La discoteca Baby'O era LA DISCOTECA, la más deseada, la más
anhelada, la más admirada. Aunque su interior era superado por muchos antros
más en cuanto a espacios y tecnología, esa pequeña cueva con su diminuta pista
de baile era el más famoso sitio de reventón en todo México.
Hoy, es triste ver que ese lugar de tantas memorias
afectivas se ha extinguido bajo el fuego criminal, pero el emblemático lugar
nocturno solo era minúscula parte del andar: durante décadas lo más entrañable
siempre fue la convivencia, las amistades y los amores que Acapulco estimuló y
cobijó a cualquier hora y en cualquier rincón. Sus atardeceres portentosos, sus
playas deliciosas, sus mares (sí, hay muchos mares con distintos temperamentos
en Acapulco), su comida exquisita, su gente divertida y acogedora, su clima tan
nutritivo.
En el 2000, cuando me volví acapulqueño durante cinco años
que fueron una vida (ahí voté por el primer gobernador no priista en la
historia local, Zeferino Torreblanca, que apaleó a Héctor Astudillo), primero
viví solo en la hermosa Bahía de Santa Lucía, y después, a partir del 2001, con
mi hijo mayor, Luciano, que en ese entonces tenía siete años. Acapulco estaba
en su apogeo, repleto los fines de semana, atascado durante las vacaciones,
todo mundo en gerundio, gozando la existencia… hasta que por ahí del 2004 el
narco enloqueció e incendió el paraíso.
Como empresarios, los narcos guerrerenses siempre han sido
unos estupendos clavadistas suicidas: mataron su mercado. Tenían compradores
por montones: lugareños, chilangos cada fin de semana, turistas gringos y
canadienses, pero su infame machismo y su codicia arrasó con todo. Se empezaron
a pelear la plaza: yo te degüello a dos, yo te desaparezco a cinco, yo te
ejecuto a veinte, yo te disuelvo a veinte. La más estúpida de las guerras
narcas se libró en Acapulco. ¿Resultado? Los springbreakers gringos se
despidieron para siempre del puerto, los chilangos de fin de semana dejaron de
ir o se encerraron en sus departamentos y casas, y el lugar nunca se recuperó.

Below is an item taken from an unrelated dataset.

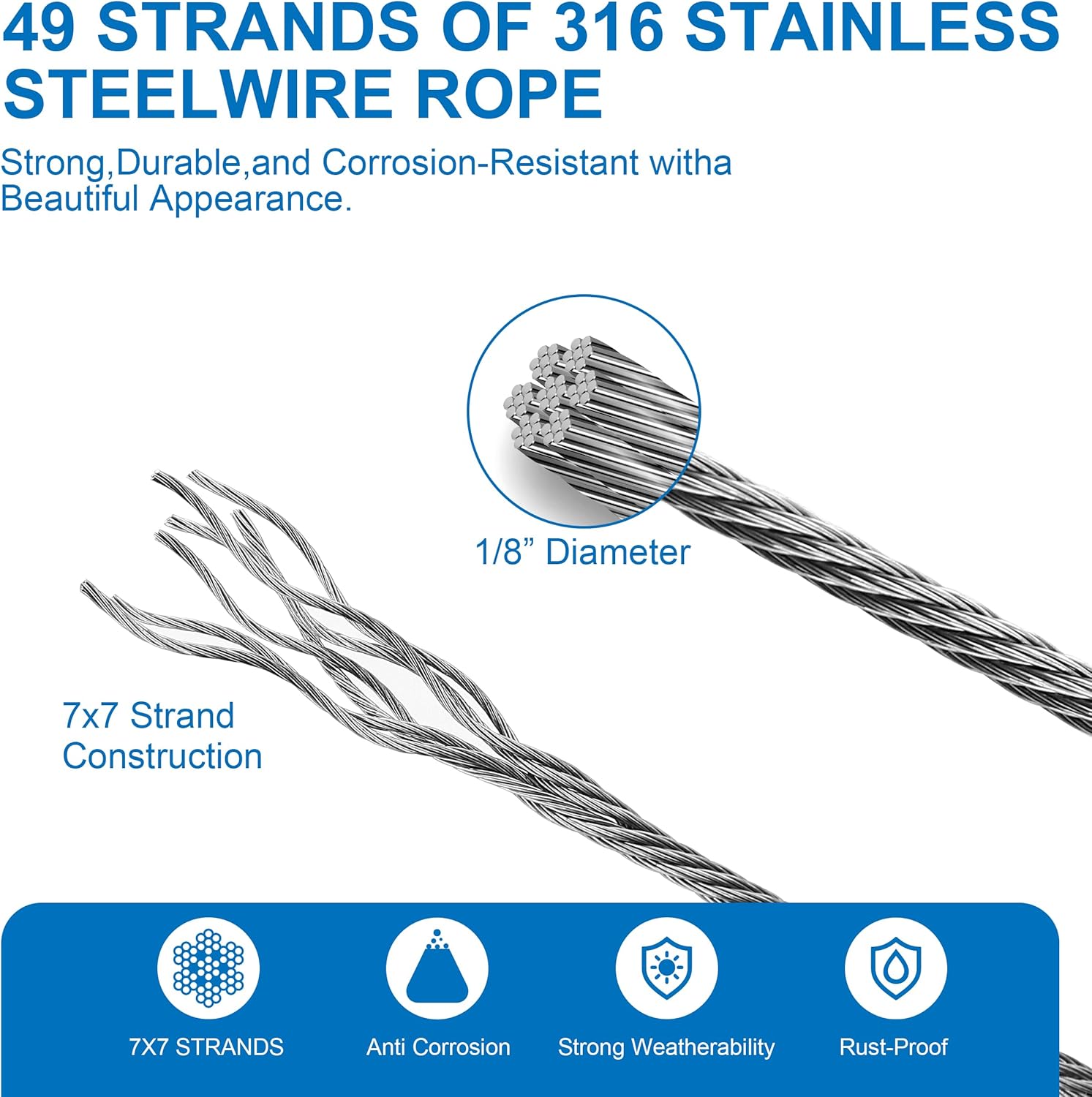 Wire Trellis for Climbing Plants Outdoor, 20-Set Wall Wire Trellis Kit with 1/8in x 98ft Stainless Steel Cable & Cutter, T316 Espalier System for Fence and Garden DIY Projects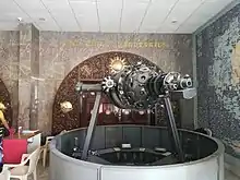 The planetarium is equipped with a versatile opto-mechanical GOTO GM II starfield projector,[6] an accompanying special-effects projector and an X-Y table system for simulating various celestial phenomena. The GM II projector has the provision to execute the diurnal, annual, latitudinal, and precessional motions. The pierced hemispherical inner dome of the planetarium, made of aluminium, is 15 m in diameter. The air-conditioned theatre has a seating capacity of 236.

¿Y cuál fue la solución que encontraron estos brillantes
delincuentes para reordenar todo ante la impavidez de los gobiernos
municipales, estatales y federales que han pasado desde entonces a la fecha?
Perdón por mi latín, pero el capitalismo de hamaca, el capitalismo de huevones.
No hay otras palabras para describir lo que hacen: los que realmente gobiernan
Acapulco son narcoextorsionadores (los alcaldes no existen, es la verdad).
Estos cobradores de piso no hacen nada durante la semana y hacia el jueves y
viernes pasan a cada negocio a robar, a cobrar su infame impuesto criminal. ¿A
quiénes? A todos. Lo documenté en varios reportajitos: le cobran al que vende
gelatinas y cocos en la playa, al lanchero, al que renta motos, al
restaurantero, al hotelero, al comerciante, a las escuelas privadas, a los que
tienen puestos en los mercados, al abarrotero, al taxista, a todo mundo.
Acapulco lleva años así, moribundo. Su economía medio
sobrevive lastimosamente gracias a que miles de mexicanos le siguen siendo
fieles en Semana Santa, verano, algunos puentes y diciembre. El resto del
tiempo el puerto es una especie de zombi tropical.